To Perform Data Visualization using matplot python library.
Data visualization is the graphical representation of information and data. By using visual elements like charts, graphs, and maps, data visualization tools provide an accessible way to see and understand trends, outliers, and patterns in data.
STEP 1:Include the necessary Library.
STEP 2:Read the Data.
STEP 3:Apply data visualization techniques to identify the patterns of the data.
STEP 4:Apply the various data visualization tools wherever necessary.
STEP 5:Include Necessary parameters in each functions.
import matplotlib.pyplot as plt
import numpy as np
x=[0,1,2,3,4,5]
y=[0,1,4,9,16,25]
plt.plot(x,y)
plt.show()
x1=[1,2,3]
y1=[2,4,1]
plt.plot(x1,y1,label="line 1")
x2=[1,2,3]
y2=[4,1,3]
plt.plot(x2,y2,label="line 2")
plt.xlabel('x-axis')
plt.ylabel('y-axis')
plt.title('Multi-Line Chart')
plt.legend()
plt.show()
x=[1,2,3,4,5]
y1=[10,12,14,16,18]
y2=[5,7,9,11,13]
y3=[2,4,6,8,10]
plt.fill_between(x,y1,color='blue')
plt.fill_between(x,y2,color='green')
plt.plot(x,y1,color='red')
plt.plot(x,y2,color='black')
plt.legend(['y1','y2'])
plt.show()
plt.stackplot(x,y1,y2,y3,labels=['Line 1','Line 2','Line 3'])
plt.legend(loc='upper left')
plt.title('Stacked Line Chart')
plt.xlabel('X-axis')
plt.ylabel('Y-axis')
plt.show()
from scipy.interpolate import make_interp_spline
x=np.array([1,2,3,4,5,6,7,8,9,10])
y=np.array([2,4,5,7,8,8,9,10,11,12])
spl=make_interp_spline(x,y)
x1=np.linspace(x.min(),x.max(),100)
y1=spl(x1)
plt.plot(x,y,'*',label='data')
plt.plot(x1,y1,'-',label="spline")
plt.legend()
plt.show()
val=[5,6,3,7,2]
names=["A","B","C","D","E"]
plt.bar(names,val,color="blue")
plt.show()
x=[0,1,2,3,4,5]
y=[0,1,4,9,16,25]
plt.scatter(x,y,s=30,color="red")
plt.show()
x = [1, 2, 3, 4, 5]
y = [10, 15, 20, 25, 30]
sizes = [100, 200, 300, 400, 500]
plt.scatter(x, y, s=sizes, alpha=0.5)
plt.xlabel('x_values')
plt.ylabel('y_values')
plt.title('Bubble Chart')
plt.show()
ages=[2,5,70,40,30,45,50,45,43,40,44,60,7,13,57,18,90,77,32,21,20,40]
range=(0,100)
bins=10
plt.hist(ages,bins,range,color='purple',histtype='bar',rwidth=0.8)
plt.xlabel('age')
plt.ylabel('No.
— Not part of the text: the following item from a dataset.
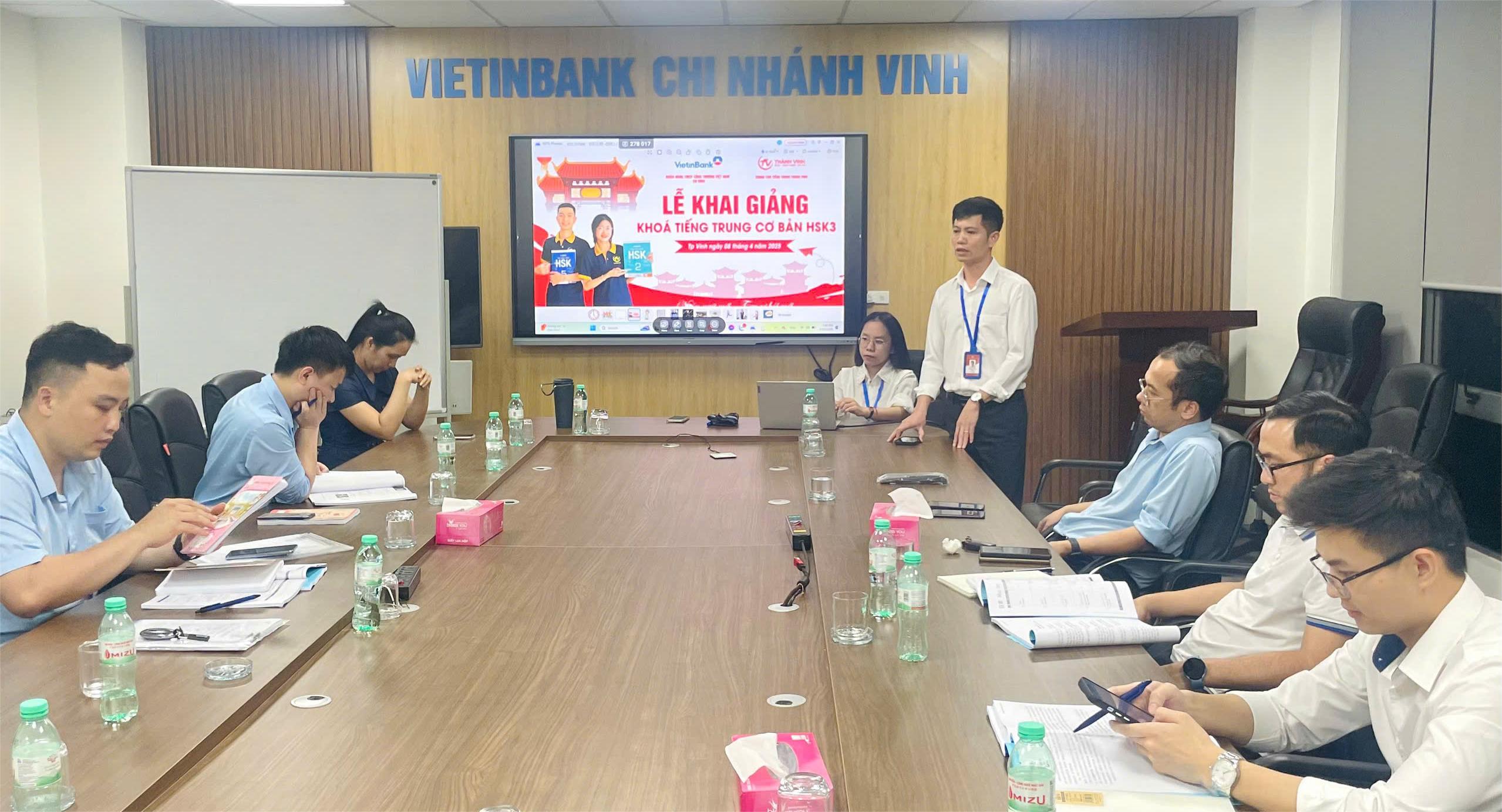 Tham dự buổi khai giảng có sự hiện diện của đại diện Ban lãnh đạo ngân hàng VietinBank, ban giám đốc Trung tâm tiếng Trung Thành Vinh, cùng các thầy cô giáo và toàn thể học viên tham gia lớp học. Mở đầu chương trình, đại diện phía ngân hàng đã phát biểu cảm ơn Trung tâm đã đồng hành cùng đơn vị trong việc nâng cao trình độ ngoại ngữ cho cán bộ, đáp ứng nhu cầu phát triển và hội nhập quốc tế của ngành ngân hàng.

Of People')
plt.title('Histogram')
plt.show()
np.random.seed(0)
data=np.random.normal(loc=0,scale=1,size=100)
data
fig,ax=plt.subplots()
ax.boxplot(data)
ax.set_xlabel('Data')
ax.set_ylabel('Values')
ax.set_title('Box Plot')
data = [np.random.normal(loc=0, scale=1, size=100),
np.random.normal(loc=2, scale=1, size=100),
np.random.normal(loc=1, scale=2, size=100)]
plt.violinplot(data)
plt.xlabel('Groups')
plt.ylabel('Values')
plt.title('Violin Plot')
plt.xticks([1, 2, 3], ['Group 1', 'Group 2', 'Group 3'])
plt.show()
data = np.random.normal(0, 1, 1000)
plt.hist(data, bins=30, density=True, alpha=0.5)
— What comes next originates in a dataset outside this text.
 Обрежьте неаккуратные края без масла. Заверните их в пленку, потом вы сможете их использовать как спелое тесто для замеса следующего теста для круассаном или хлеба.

plt.title('Density Plot Example')
plt.xlabel('Values')
plt.ylabel('Density')
from scipy.stats import gaussian_kde
kde = gaussian_kde(data)
x_vals = np.linspace(min(data), max(data), 1000)
plt.plot(x_vals, kde(x_vals), 'r')
plt.show()
act=['eat','sleep','work','play']
slices=[3,7,8,6]
color=['r','y','g','b']
plt.pie(slices,labels=act,colors=color,startangle=90,shadow=True,explode=(0.1,0.1,0.1,0.1),radius=1.2,
autopct='%1.1f%%')
plt.legend()
plt.show()
The Data Visualization using matplot python library is implemented successfully.